BaySpo 918号(2007/05/04)掲載
シリコンバレーのハイテクベンチャー起業・ビジネス展開コスト
ジェトロ・サンフランシスコ・センター 星野 岳穂
星野 岳穂(ほしの たけお)
 
1962年生まれ、東京都出身。1987年通商産業省(現 経済産業省)入省、電子機器課、地球環境対策室、航空機武器宇宙産業課、原子力産業課、鉄鋼課等に在任し、主として産業振興、技術開発政策を担当。2004年7月、JETROサンフランシスコに勤務。

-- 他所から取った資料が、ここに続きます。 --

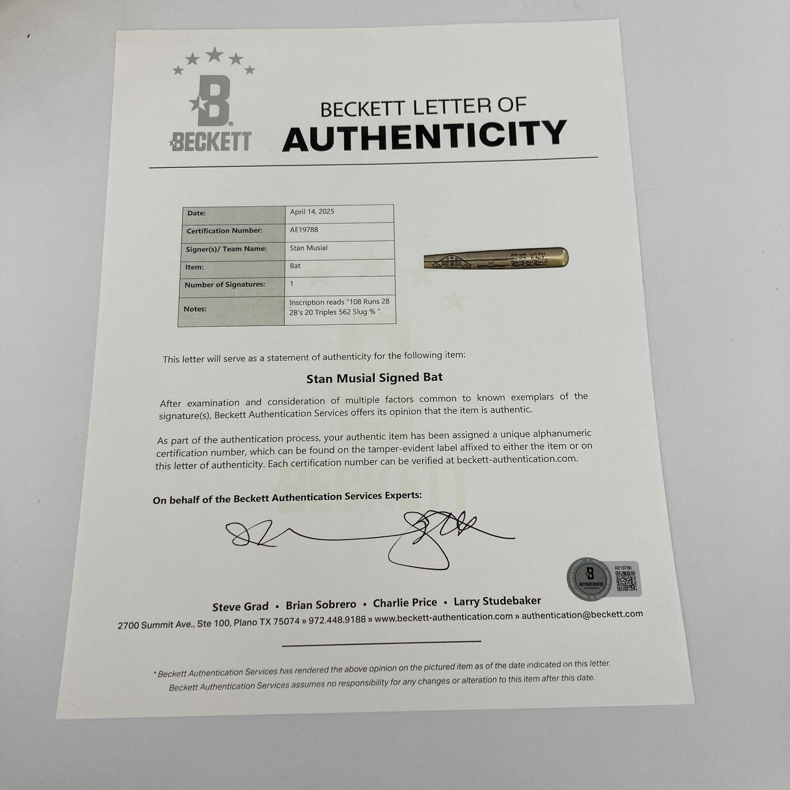 Stan Musial Batting Champion Signed Inscribed STATS Silver Baseball Bat Beckett

 最近は、シリコンバレーでビジネス展開を進めたいという日本発ベンチャー企業が確実に増えていますが、その動きに押されてか、これまで国内に目を向けがちだった日本政府や関係機関も少しずつ海外、特にシリコンバレーとの関係強化に関心を示し始めているようです。現在、私たちJETROと同様に経産省関係の独立行政法人「情報処理推進機構(IPA)」とJETRO・BICとの共同プロジェクトを企画しつつあり、IPAが選定した「天才クリエータ」が開発した最先端のプログラムを当地でブラッシュアップし、グローバルなビジネス展開を促そうというものです。これは、各社の要望に応えてという流れではなく、むしろ公的機関側から各社に対してシリコンバレーで一旗挙げよう、と持ちかけているものです。詳細は後刻ご紹介しますが、6月4日の週に天才クリエータを囲んでのビッグイベントを開催しますので是非御参加、ご協力下さい。

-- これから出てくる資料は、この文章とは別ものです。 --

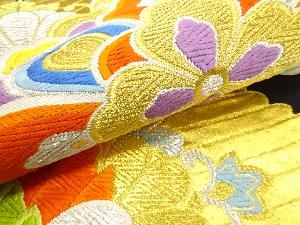 アンティーク 向かい鶴に華紋・若松模様織出し袋帯(着用可)
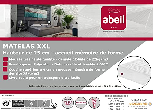 Abeil 15000001671 Materasso XXL Memory, Poliestere, Bianco, Grande, 140 x 190 cm

 さて、こうして日本から続々とシリコンバレーを目指される企業の方々に私たちJETRO・BICがお伝えすべき最も重要な情報は、シリコンバレーの起業・ビジネス展開のためのコストはどれほどで、どの程度の確率で事業が成功するのかといった情報です。これらの相場がなくては各社もシリコンバレー進出のリスク評価ができず、当地進出をなかなか決断できません。大学を受験するのに、毎日大体何時間勉強すると偏差値がどれだけ上がり、偏差値がいくつになると合格率が何%か、といった(あまり思い出したくありませんが)情報がないままいきなり本番の受験に突入するのは相当な度胸が必要なのと同じです。もちろん業種や各社の事情によりピンキリではありますが、相場は必要です。こうした想いから、DITTO石戸社長やBEANS INTERNATIONALの遠藤社長、SBFの氏家社長といった当地ビジネスに長い経験をお持ちの皆様方のご協力を頂きながら調査を進めています。

 昨年の米国Small Business Administrationが実施した調査によれば、米国人口の66%は将来何らかのビジネスを手掛けたいとの想いを持っているそうです。20歳以上の人口は全体の7割程度ですから、成人の8、9割は何らかの起業願望を持っていることになります。しかし、実際に起業する方(起業家)は2千6百万人、そのうち従業員を雇用する規模まで事業を拡大できた起業家は6百万人程度に過ぎません。それでも、昨年全米で創出されたベンチャー企業数は67万件、倒産に追い込まれたのは57万件という激しい新陳代謝が繰り返されています。“KAUFFMAN Foundation”の調査報告によれば、ベンチャー事業の1/3は設立後2年以内に閉鎖に追い込まれ、事業開始後4年継続できている事業者は全体の44%程度です。別の推計では、5年で半分、10年で更にその半分が倒産に追い込まれるという厳しい結果も出ています。シリコンバレー等では最近特に短く早くなっているようで、3年くらいやってみて難しいようであれば諦めが肝心、ということになるようです。背景にはグーグル等の検索技術の賜物で、従来なら数ヶ月や1年間近く掛かっていたようなマーケットリサーチや競合他社の情報を瞬時に検索して得ることができるようになり、ビジネスの有望性を早く判断できるようになったことがあります。そしてコストですが、立ち上げ初期であれば、人件費等のコストで約10万ドル、弁護士・公認会計士費用(契約書等作成料を含む)で約5万ドル、事務所賃貸料で約2〜3万ドル、これにマーケットリサーチ等必要な調査費用を入れると大体2000万円は初年度に必要になります。この規模では、多くの方が自己資金で起業をされることになります。オフィスは自宅兼用にしてコストを抑えることも考えられますが、特に初めて進出する企業は、労働ビザ取得申請手続きの中でオフィスの写真提出を求められたり、居住地区でのビジネス活動の規制等があったりするため、やはり何らかのオフィスは必要となるでしょう。このあたりが、BIC等のインキュベーションセンターの協力が求められる場面の1つです。

 問題は次のステップです。ビジネスを拡大していくと、2〜3年目には現地での雇用が始まります。すると当然、人件費をはじめとする事業運営費が25〜28万ドル近くに跳ね上がります。仮に利益率を25%と高めに設定しても、わずか3年目頃には1億円近い売り上げを立てなければなりません。もちろん有望な企業であればこの頃にはVCやエンジェルからの資金調達も始まりますが、特に日本からの進出企業の場合は、進出3年目あたりまでに4千万円程度の赤字となっても耐えられる財力が無いと結局はせっかくそこまでに培った人脈やローカライズした製品等が無駄になりかねません。

 4千万円のリスクとなると、いくら新進気鋭の日本の若手起業家といっても容易に負えるリスクではありません。この当たりを、「頑張れ、日本!」の志の下、政府関係機関と地元ビジネス関係者とが団結協力し、そのネットワークを駆使して少しでもリスクのうしろ倒しの協力ができないか、IPAとの共同プロジェクトが、何かそうした道の契機のモデルケースの1つになれないかと考えて策を練っているところです。ご協力、宜しくお願いします!